Activity: Your answer must be the lines from the start of the records through the line with "Indulge in the", exactly as written, without the pictures.

=-=-=

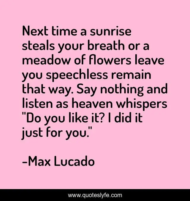 This page presents the quote "Next time a sunrise steals your breath or a meadow of flowers leave you speechless remain that way. Say nothing and listen as heaven whispers "Do you like it? I did it just for you."". Author of this quote is Max Lucado. .
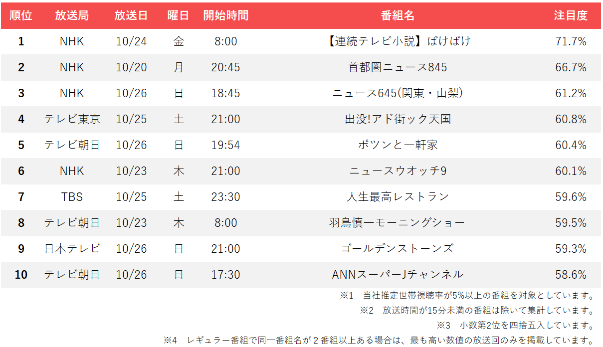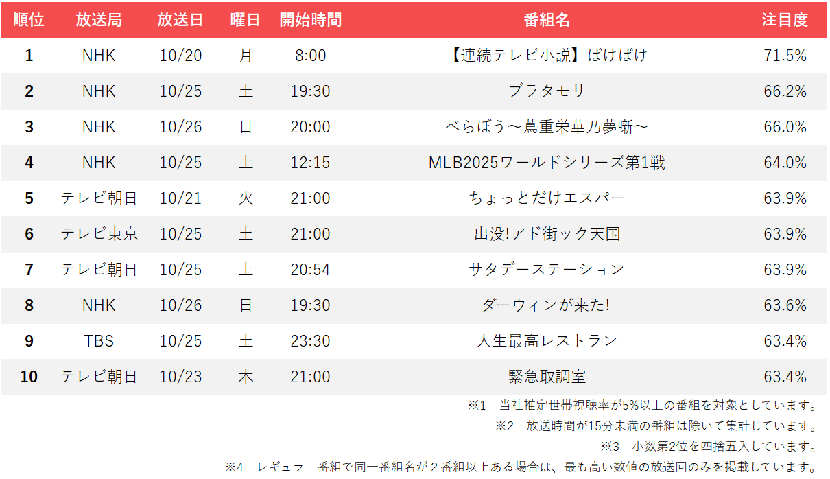 一方、海外スポーツでは、大谷翔平選手らが所属するドジャースが出場する「MLB2025ワールドシリーズ」が10月25日(日本時間)に開幕した。NHKで放送された『ワールドシリーズ第1戦』は個人全体で4位(注目度64.0%)にランクインしており、この歴史的な対戦への期待が、関連ニュースやスポーツコーナーを含む報道番組全体の注目度を押し上げる一因となった。
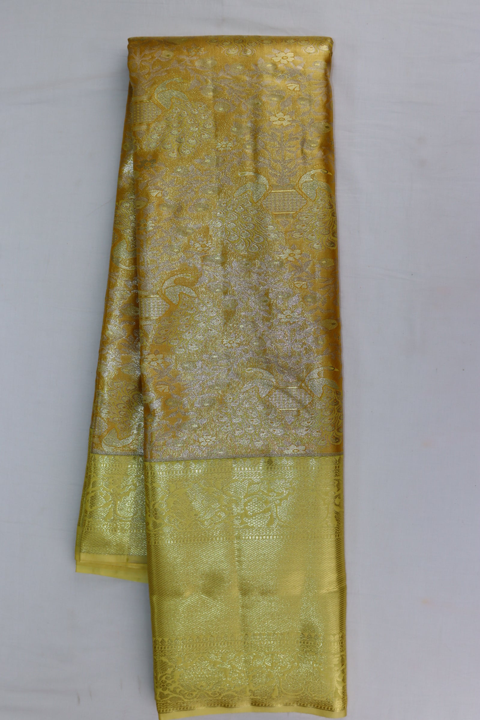 Indulge in the opulent experience of our exquisite Yellow Kanjipuram Saree. Painstakingly crafted by expert artisans with top-notch materials, this saree radiates elegance and class. Its airy fabric seamlessly blends fashion and comfort, making it ideal for any event. Complement it effortlessly with the impeccably tailored blouse for a sophisticated style statement.
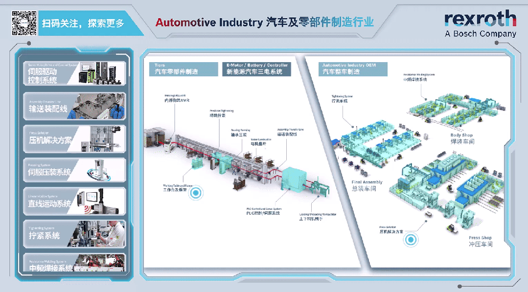 作为制造商的工业自动化全价值流生态伙伴,博世力士乐为新能源汽车厂商打造了触手可及的行业解决方案,全面覆盖整车制造、零部件制造、和新能源汽车三电系统等应用场景。用户不仅能借助我们的应用诀窍极速登陆风口快车道,还能利用我们的产品组合兑现成本优势。
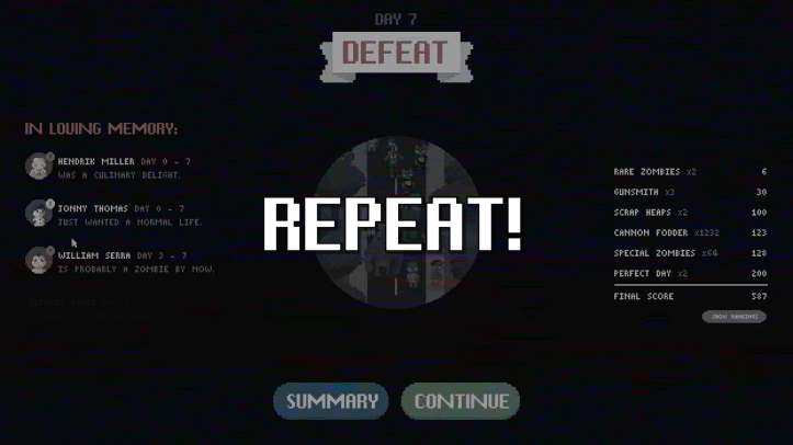 Overall, Deadly Days is a very enjoyable if occasionally frustrating addition to the rogue-lite genre. Its RTS twist on the zombie genre adds a unique flavour, and it’s a great game to throw on and lose several hours to its tense and engaging gameplay. The sense of progression constantly kept me coming back and helped me overlook any runs that frustrated me or that I felt were unfair.

=-=-=

Answer space:
 This page presents the quote "Next time a sunrise steals your breath or a meadow of flowers leave you speechless remain that way. Say nothing and listen as heaven whispers "Do you like it? I did it just for you."". Author of this quote is Max Lucado. .
 一方、海外スポーツでは、大谷翔平選手らが所属するドジャースが出場する「MLB2025ワールドシリーズ」が10月25日(日本時間)に開幕した。NHKで放送された『ワールドシリーズ第1戦』は個人全体で4位(注目度64.0%)にランクインしており、この歴史的な対戦への期待が、関連ニュースやスポーツコーナーを含む報道番組全体の注目度を押し上げる一因となった。
 Indulge in the opulent experience of our exquisite Yellow Kanjipuram Saree. Painstakingly crafted by expert artisans with top-notch materials, this saree radiates elegance and class. Its airy fabric seamlessly blends fashion and comfort, making it ideal for any event. Complement it effortlessly with the impeccably tailored blouse for a sophisticated style statement.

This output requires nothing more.